The #[pymodule] macro stitches our Python module together from the function we attach it to. It’s important that your module has the same name as this function or Python won’t be able to find it. The code for adding a function is a bit advanced and you don’t really need to understand what’s going on here. Just add another line of m.add_function(...) and replace the simple_stability with the name of your function if you want to add another function to this module.

We can now finally build our module and try using it in our Python program. There are multiple ways of going about this, but we are going to use maturin in this post. (Have a look at https://pyo3.rs/latest/building_and_distribution.html#manual-builds if maturin doesn’t suit your needs.)

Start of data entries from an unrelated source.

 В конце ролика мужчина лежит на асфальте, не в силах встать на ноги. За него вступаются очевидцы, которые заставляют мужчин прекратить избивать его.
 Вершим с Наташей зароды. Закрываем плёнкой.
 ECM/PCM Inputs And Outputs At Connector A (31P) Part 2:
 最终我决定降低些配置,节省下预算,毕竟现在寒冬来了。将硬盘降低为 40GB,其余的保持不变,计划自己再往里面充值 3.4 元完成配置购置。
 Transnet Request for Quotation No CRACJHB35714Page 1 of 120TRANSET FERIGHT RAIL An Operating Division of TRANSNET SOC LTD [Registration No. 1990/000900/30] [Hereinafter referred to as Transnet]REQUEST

To use maturin, we first need to create a virtual environment in our mandelbrot_module directory and then install and run maturin in said virtual environment.

$ py -m venv .env
$ ./.env/scripts/activate
$ pip install maturin
$ maturin develop

You should now see some build output in your console while maturin compiles your module. And it should finish with:

🛠  Installed mandelbrot_module-0.1.0

Let’s confirm that our module actually works. Copy the previous Python program into the mandelbrot_module directory and modify it so that it uses our new Rust module.

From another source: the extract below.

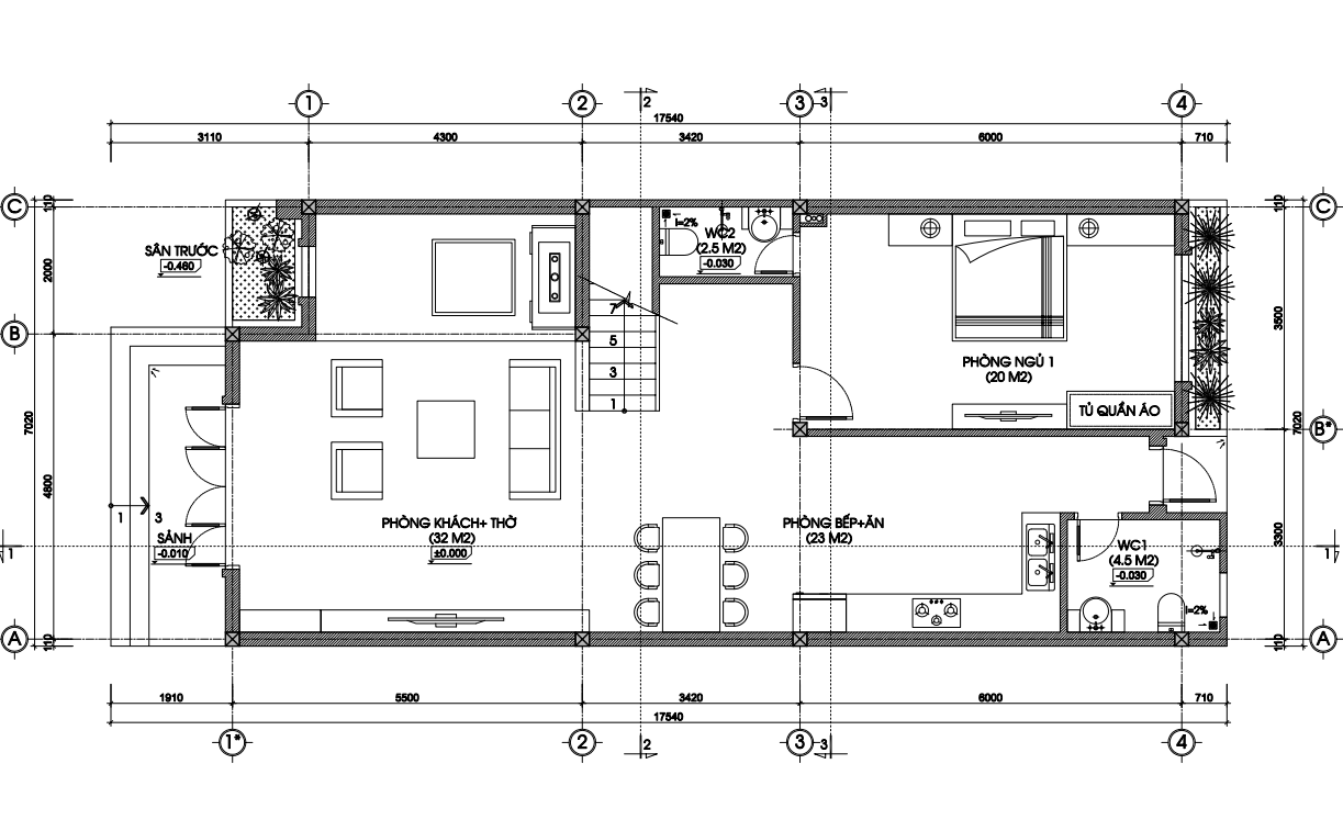 - Gia đình muốn thi công mẫu nhà lô phố với diện tích 7m x 17,5m.

import matplotlib.pyplot as plt
import numpy as np
from time import time
from mandelbrot_module import simple_stability

def main():
    values = []
    for y in np.linspace(-2, 2, 1000):
        line = []
        for x in np.linspace(-2, 2, 1000):
            line.append(simple_stability(x, y, 100))
        values.append(line)
    values = np.array(values)
    plt.imshow(values)
    plt.show()

if __name__ == '__main__':
    start = time()
    main()
    print(time() - start)

This new version of our program takes about 4.6s on my machine, which means we achieved a speedup of more than 400%! This example is very simple and was specifically chosen to be translated into Rust so our speedup is close to a best case scenario, but it shows how powerful translating performance-critical tasks into Rust can be.

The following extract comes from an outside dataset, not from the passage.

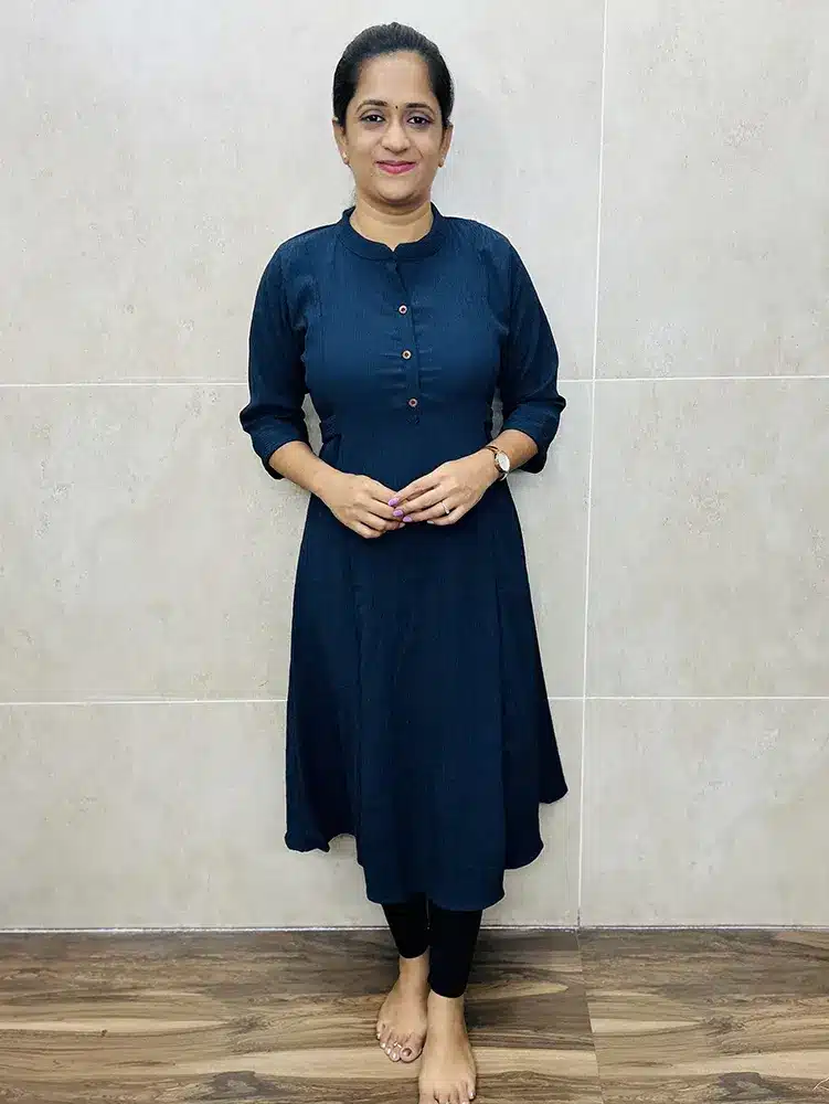 Imported stretchable Rayon top with fancy buttons on yoke (Princess cut Aline pattern)
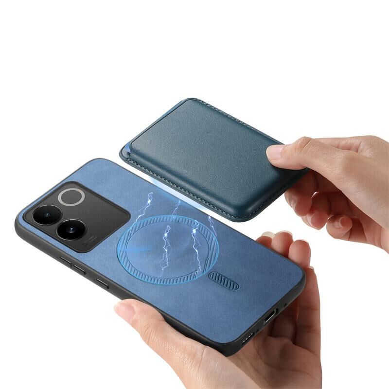 Για vivo S18e 5G Retro Magsafe κάρτα τσάντα PU πίσω κάλυμμα τηλέφωνο υπόθεση (Μπλε)

Writing Python classes in Rust

Your real world code will most likely not be this simple. You might for instance have many different functions that rely on one or two classes for some shared functionality. In this case you could translate your class to improve your code’s performance.

We are going to implement a complex number class because our simple_stability function has been doing complex calculations all along. zr, zi, real and imag are the real and imaginary components of two complex numbers z and c. And our function is iterating over the formula \(z(n+1) = z(n)^2 + c\) with \(z(0) = 0 + 0i\).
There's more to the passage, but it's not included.